Shiseido’s revenues, profits and margins have yet to reach pre-pandemic levels (operating margins hovered in the high single digits and net profit margins were in the mid-single digits pre-pandemic, versus low single digits currently), but as consumer demand in Asian markets recover, Shiseido is likely to benefit.
Stepping up investments in marketing, R&D, acquisitions with a focus on skincare
Medium term, the company’s outlook is stable. Under the company’s medium term strategy, management aims to step up investments in marketing, R&D, and acquisitions to boost financial performance. Management has made clear their plans to invest an additional JPY 100 billion over three years in marketing investment, while their R&D budget will be increased to 3% of sales, matching global cosmetics market leader L’Oreal.

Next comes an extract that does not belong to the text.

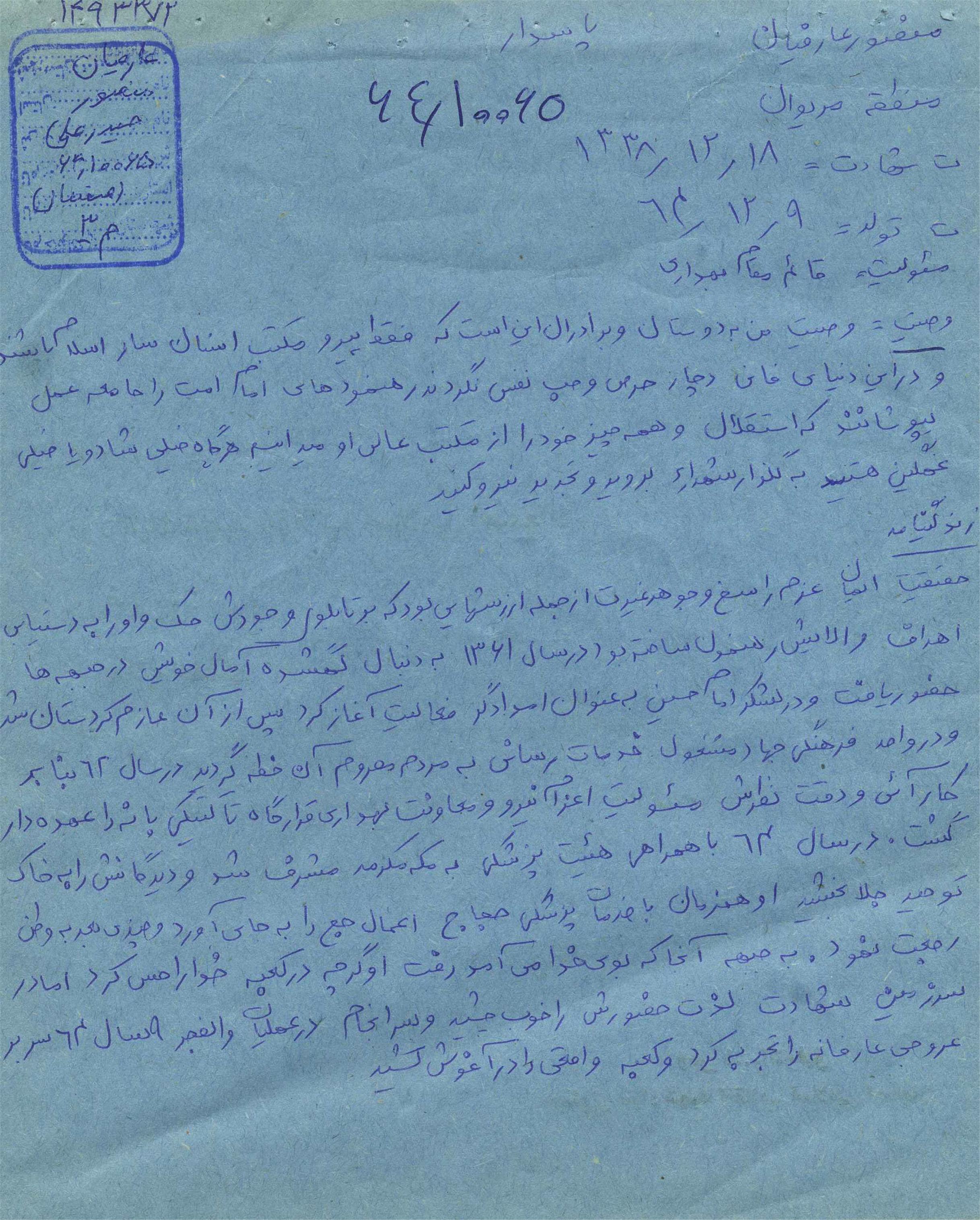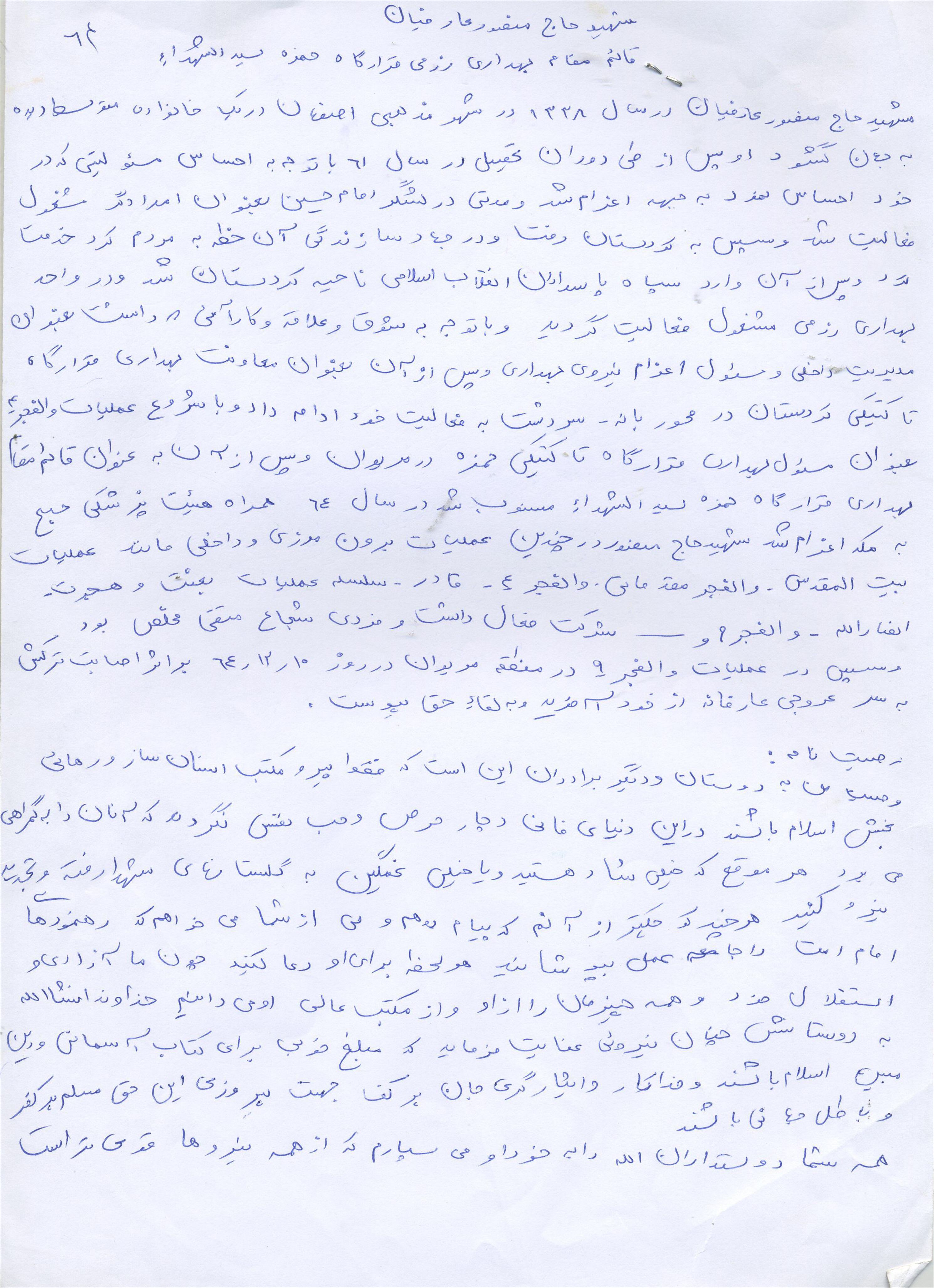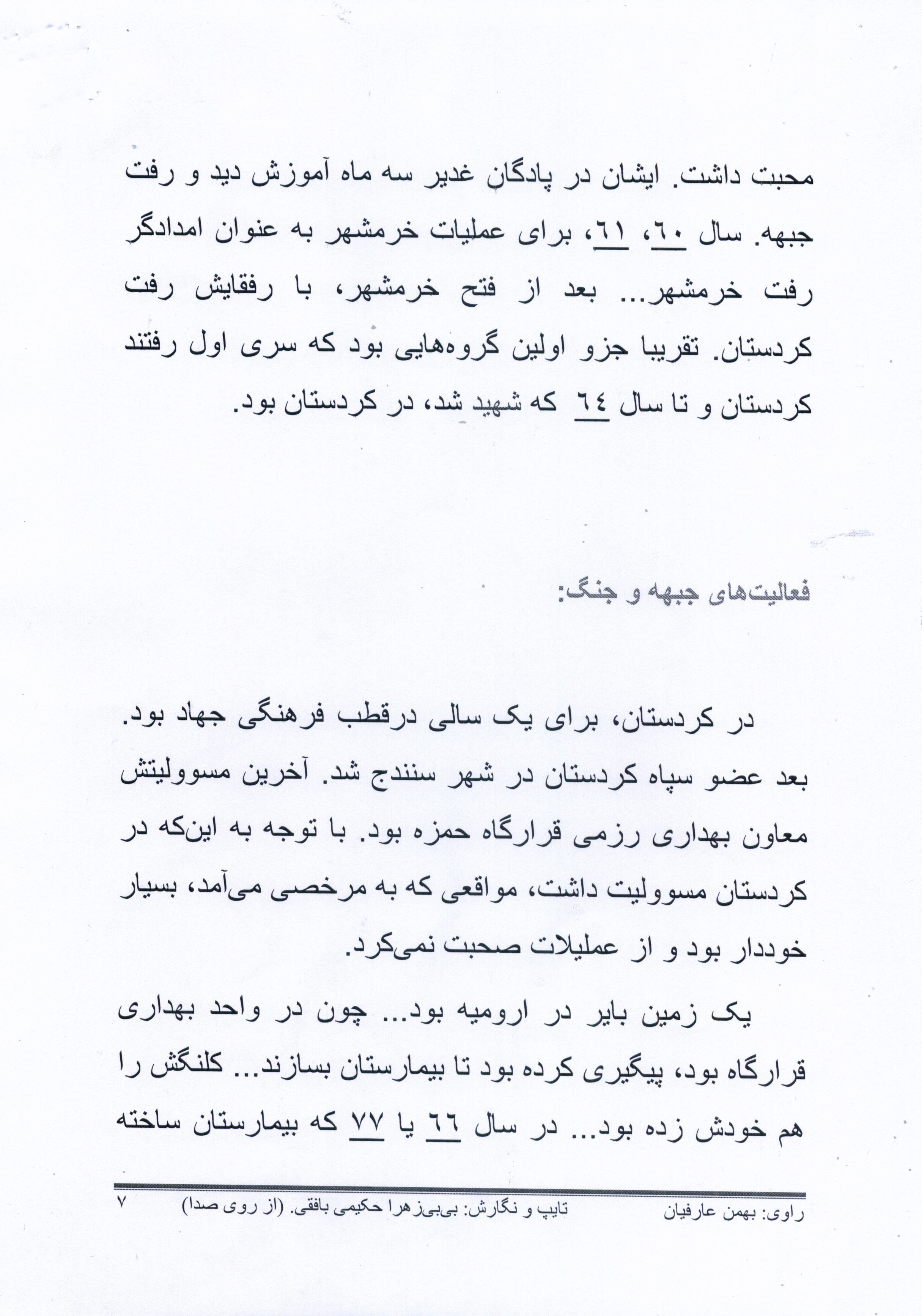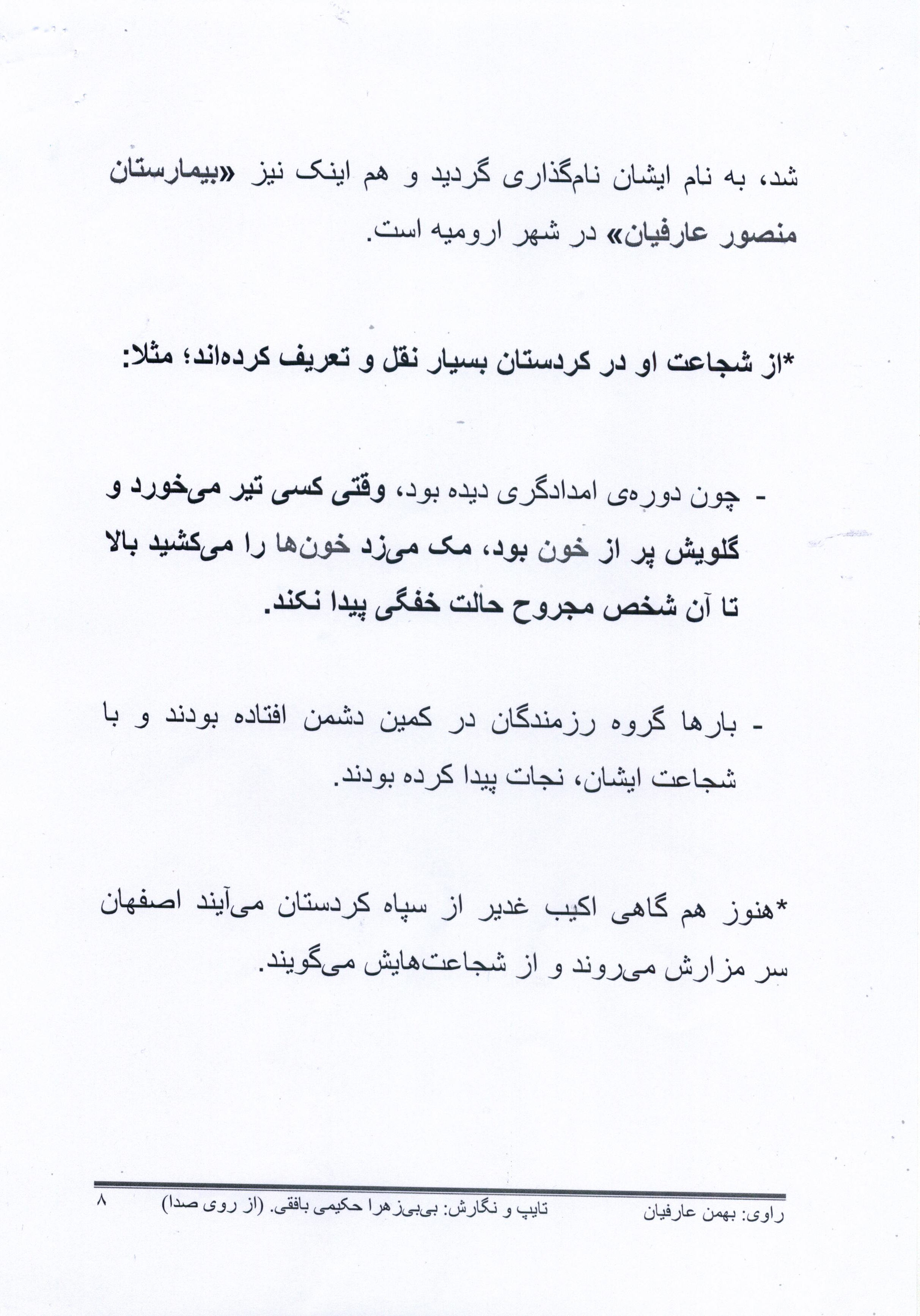 اسناد مرتبط با شهید منصور عارفیان جزی

Shiseido has undergone a noticeable portfolio transformation with the company focusing on their skincare brands while shedding other beauty categories such as makeup and personal care. Shiseido invested in microbiome skincare brand Gallinée in September 2022 and launched a slew of skincare brands such as BAUM, EFFECTIM, conscious beauty brand Ule, and wellness inner beauty brand INRYU (which helps improve skin health from within) to name a few. The strategy holds promise as Shiseido has a heavy presence in Asia, and Asians tend to focus on skin rather than makeup, i.e., work towards the best possible skin rather than settling for average skin and concealing any flaws with makeup.
Skincare market is a USD 120+ billion market globally, and growth is forecast to be in the mid-single digits over the coming years.
Shiseido’s biggest market, Japan, generates skincare sales of around USD 17.1 billion market according to GlobalData but the market is very mature and growth is projected at low single digits. China, a USD 16 billion dollar skincare market, offers more exciting prospects with growth projected in the mid-single digits.
Risks
Covid resurgence
A new, but mild covid wave was reported to be breaking out across Asia. If lockdowns and travel bans are reinstated, the region’s beauty market recovery could be negatively impacted.
Stiff competition in skincare
L’Oreal leads the global skincare market with a broad portfolio of skincare brands. L’Oreal also leads in China, a skincare market with better growth prospects with a 5.1% market share compared with 1.2% for Shiseido and 1.6%. For Shiseido’s China-focused skincare brand Aupres. The market is highly fragmented with competition is stiff not only from international giants like L’Oreal and Estee Lauder but also from local players; these ‘C-Beauty’ brands from established stalwarts like Pechoin to younger upstarts like Chando (both of whom command higher market shares than any of Shiseido’s competing brands in China; 4.1% market share for Pechoin, and 3.1% market share for CHANDO) are proving to be formidable competitors.
Conclusion
Analysts are split between buy and hold.
With a forward P/E of 60, Shiseido’s valuation is higher than wide-moat market leaders in high-barriers to entry industries like surgical robot company Intuitive Surgical (forward P/E 57) (ISRG), and semiconductor lithography solutions provider ASML (forward P/E 35) (ASML). This appears to be a pricey valuation for a company with a relatively narrow competitive advantage in a fragmented, mature, low-barrier to entry industry. Shiseido’s prospects, while good, are likely baked into the stock which could be viewed as a hold.